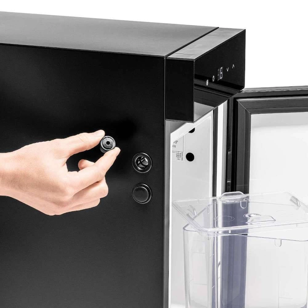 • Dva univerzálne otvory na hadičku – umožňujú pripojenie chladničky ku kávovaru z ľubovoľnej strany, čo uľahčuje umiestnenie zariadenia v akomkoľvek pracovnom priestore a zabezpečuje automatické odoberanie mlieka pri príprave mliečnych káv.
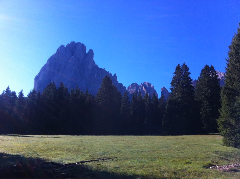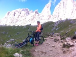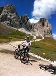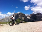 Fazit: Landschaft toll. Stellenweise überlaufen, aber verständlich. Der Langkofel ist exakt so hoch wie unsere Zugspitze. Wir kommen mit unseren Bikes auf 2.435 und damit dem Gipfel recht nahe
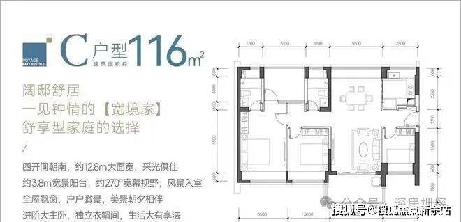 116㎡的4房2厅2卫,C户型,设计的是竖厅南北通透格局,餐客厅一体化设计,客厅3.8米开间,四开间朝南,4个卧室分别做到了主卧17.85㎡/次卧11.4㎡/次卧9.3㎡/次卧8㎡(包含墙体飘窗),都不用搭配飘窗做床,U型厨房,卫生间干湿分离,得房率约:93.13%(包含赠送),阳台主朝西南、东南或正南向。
* * *
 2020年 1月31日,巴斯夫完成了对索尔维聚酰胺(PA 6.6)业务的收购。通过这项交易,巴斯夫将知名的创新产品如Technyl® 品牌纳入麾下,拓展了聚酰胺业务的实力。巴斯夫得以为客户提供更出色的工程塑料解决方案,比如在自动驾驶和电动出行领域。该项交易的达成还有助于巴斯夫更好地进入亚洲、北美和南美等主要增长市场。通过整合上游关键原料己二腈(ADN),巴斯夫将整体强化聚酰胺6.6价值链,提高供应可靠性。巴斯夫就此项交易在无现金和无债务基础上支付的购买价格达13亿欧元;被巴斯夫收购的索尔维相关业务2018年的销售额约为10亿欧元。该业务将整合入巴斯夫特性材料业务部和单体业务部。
* * *
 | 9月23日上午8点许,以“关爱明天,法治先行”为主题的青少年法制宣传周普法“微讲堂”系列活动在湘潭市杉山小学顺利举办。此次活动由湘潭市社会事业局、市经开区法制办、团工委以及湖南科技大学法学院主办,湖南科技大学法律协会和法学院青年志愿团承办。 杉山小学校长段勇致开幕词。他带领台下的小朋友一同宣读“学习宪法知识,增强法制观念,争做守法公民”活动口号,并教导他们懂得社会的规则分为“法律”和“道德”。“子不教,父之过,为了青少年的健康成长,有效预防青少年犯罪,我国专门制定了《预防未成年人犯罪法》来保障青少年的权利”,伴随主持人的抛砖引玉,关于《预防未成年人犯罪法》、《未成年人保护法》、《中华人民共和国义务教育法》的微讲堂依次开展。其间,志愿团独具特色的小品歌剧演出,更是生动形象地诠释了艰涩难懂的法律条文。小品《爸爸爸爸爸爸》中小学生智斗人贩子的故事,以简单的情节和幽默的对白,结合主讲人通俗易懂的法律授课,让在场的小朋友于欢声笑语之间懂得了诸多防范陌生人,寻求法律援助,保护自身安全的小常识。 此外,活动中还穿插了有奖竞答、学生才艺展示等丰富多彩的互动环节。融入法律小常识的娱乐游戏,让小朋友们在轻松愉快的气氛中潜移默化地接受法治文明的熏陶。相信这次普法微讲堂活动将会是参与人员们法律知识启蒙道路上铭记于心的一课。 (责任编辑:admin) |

**Problem**
Would you copy out, exactly and with no pictures, only the lines above from the one that contains "príprave mliečnych káv." through the one that contains "116㎡的4房2厅2卫,C户"?

**Result for this exercise**
 • Dva univerzálne otvory na hadičku – umožňujú pripojenie chladničky ku kávovaru z ľubovoľnej strany, čo uľahčuje umiestnenie zariadenia v akomkoľvek pracovnom priestore a zabezpečuje automatické odoberanie mlieka pri príprave mliečnych káv.
 Fazit: Landschaft toll. Stellenweise überlaufen, aber verständlich. Der Langkofel ist exakt so hoch wie unsere Zugspitze. Wir kommen mit unseren Bikes auf 2.435 und damit dem Gipfel recht nahe
 116㎡的4房2厅2卫,C户型,设计的是竖厅南北通透格局,餐客厅一体化设计,客厅3.8米开间,四开间朝南,4个卧室分别做到了主卧17.85㎡/次卧11.4㎡/次卧9.3㎡/次卧8㎡(包含墙体飘窗),都不用搭配飘窗做床,U型厨房,卫生间干湿分离,得房率约:93.13%(包含赠送),阳台主朝西南、东南或正南向。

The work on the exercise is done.